Because yes, at this point, it did look a lot like the government had simply decided that certain Americans—particularly those from working-class and immigrant communities—were expendable. After all, wealthy people could afford smuggled high-quality alcohol, while the poor were stuck with cheap, denatured booze.


Even when it became clear that the strategy was failing spectacularly and not discouraging drinking, the government kept it up. Congress debated the ethics of poisoning citizens, but Prohibitionist hardliners insisted that if people died from illegal drinking, they had only themselves to blame.

That’s right—rather than admitting that banning alcohol was a mistake, they doubled down and essentially said, “Well, if they’re drinking, they deserve to die.”



The Final Toll

By the time Prohibition ended in 1933, the poisoned alcohol program had been responsible for an estimated 10,000 deaths, with many more suffering permanent damage. And yet, Prohibition was widely considered a failure. People drank just as much, if not more, and organized crime flourished. The government’s attempt to control morality had instead led to a mass poisoning campaign.

By the end of the decade, officials in the federal government adapted their strategies for enforcing Prohibition. In 1929, enforcement of Prohibition transferred from the Internal Revenue Service to the Justice Department, which then launched massive crackdowns on organized crime in cities like Chicago, New York, and Philadelphia.
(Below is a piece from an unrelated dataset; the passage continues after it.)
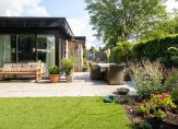 Vast aan de garage een speciaal daarvoor afgetimmerde Veranda van circa 13 m² met volop plek voor een royale zit. De ideale plek om volop te genieten tijdens de lange zomeravonden!
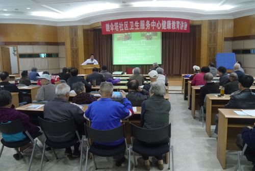 跳伞塔社区卫生服务中心的医生为到会离退休职工介绍了流感和普通感冒的病理及预防知识,讲解了骨质疏松症的诊断和治疗手段,还对今年职工体检报告中的有关问题进行了解答。

It was not until the repeal of the 18th amendment in 1933, however, that the federal government reversed course on its temperance policies. By then, Americans had been poisoned with intentionally contaminated liquor.


Lessons Learned? Maybe.

The lesson here? Governments tend to underestimate human stubbornness—especially when it comes to alcohol. If people are willing to drink literal bathtub gin (sometimes made in bathtubs), they’re probably not going to stop just because the liquor supply has a higher-than-average chance of blinding them.


To this day, the Prohibition poisoning scandal stands as one of the more horrifyingly absurd moments in U.S. history—a stark reminder that just because an idea is government-approved doesn’t mean it isn’t incredibly, dangerously stupid.